A merry-go-round rotates at the rate of 0.16 rad/s with a(n) 43.0 kg man standing at a point 2.4 m from the axis of rotation.

What is the new angular speed when the man walks to a point 0.64 m from the center? Assume that the merry-go-round is a solid 5.99 ×102 kg cylinder with a radius of 3.87 m.
Answer in units of rad/s.

To find the new angular speed of the merry-go-round when the man walks to a point closer to the center, we need to apply the law of conservation of angular momentum.

The angular momentum L of an object is given by the equation L = Iω, where I is the moment of inertia and ω is the angular speed.

Before the man walks, the total angular momentum of the system is given by the sum of the man's angular momentum and the merry-go-round's angular momentum.

The moment of inertia I of the merry-go-round can be calculated using the formula for a solid cylinder: I = 0.5 * m * r^2, where m is the mass of the merry-go-round and r is its radius.

The angular momentum of the man is calculated by multiplying his moment of inertia (which can be approximated as a point mass) by his angular speed: L man = m man * ω man.

The total initial angular momentum is the sum of these two components: L initial = L man + L merry-go-round.

When the man walks closer to the center, the moment of inertia of the system changes because the distribution of mass changes. The new moment of inertia I' can be calculated using the same formula as before, but with the new distance r' from the axis of rotation.

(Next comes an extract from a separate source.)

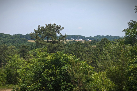 This trail begins at Pavilion #7 and can be difficult to locate. It begins at a gate that leads to a cornfield. It runs parallel with the fawn trail for a while then turns left so you are between the cornfield and the meadow. It then turns once you hit the pond. It's here that I first saw the red trail marker. This trail has a lot of connecting trails, so you need to pay attention, that you don't get off course. If you see a green sign with a number on it that means that you are going down a firebreak trail. There is not a lot of shade on this trial, so make sure you are prepared in the summer months.
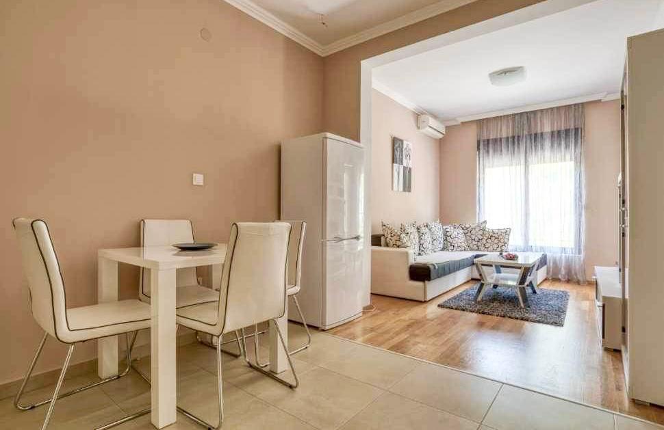 Spacious, bright apartment with a total area of 55 m2 (terrace included), located in the picturesque suburb of Budva, in Becici. You can walk to the sea in 3-5 minutes on a flat road. Terms of annual rental from June 1: 750 € per month (first and last) + deposit or 850 €, with pets (first month, 2 last) + deposit.

Since angular momentum is conserved, the initial angular momentum is equal to the final angular momentum: L initial = L final.

To find the final angular speed ω', we rearrange the equation and solve for ω' = L final / I'.

Substituting the expressions for the initial angular momentum and the new moment of inertia, we get:

L initial = L man + L merry-go-round
L final = m man * ω' + I' * ω'

Setting these two expressions equal to each other, we have:

m man * ω man + I * ω = m man * ω' + I' * ω'

Since we want to find ω', we solve for it:

m man * ω' = m man * ω man + I * ω - I' * ω'

Simplifying the equation, we have:

ω' = (m man * ω man + I * ω - I' * ω') / m man

Now we can substitute the given values into the equation to calculate the new angular speed:

m man = 43.0 kg (mass of the man)
ω man = 0.16 rad/s (initial angular speed of the man)
I = 0.5 * 5.99 × 10^2 kg * (3.87 m)^2 (moment of inertia of the merry-go-round)
r' = 0.64 m (new distance of the man from the axis of rotation)

Substituting these values into the equation:

ω' = (43.0 kg * 0.16 rad/s + 0.5 * 5.99 × 10^2 kg * (3.87 m)^2 * 0.16 rad/s - 0.5 * 5.99 × 10^2 kg * (0.64 m)^2 * ω') / 43.0 kg

Solving for ω', we can simplify the equation to:

ω' = (43.0 kg * 0.16 rad/s + 0.5 * 5.99 × 10^2 kg * (3.87 m)^2 * 0.16 rad/s) / (43.0 kg + 0.5 * 5.99 × 10^2 kg * (0.64 m)^2)

Evaluating this expression, we get the value of the new angular speed ω'.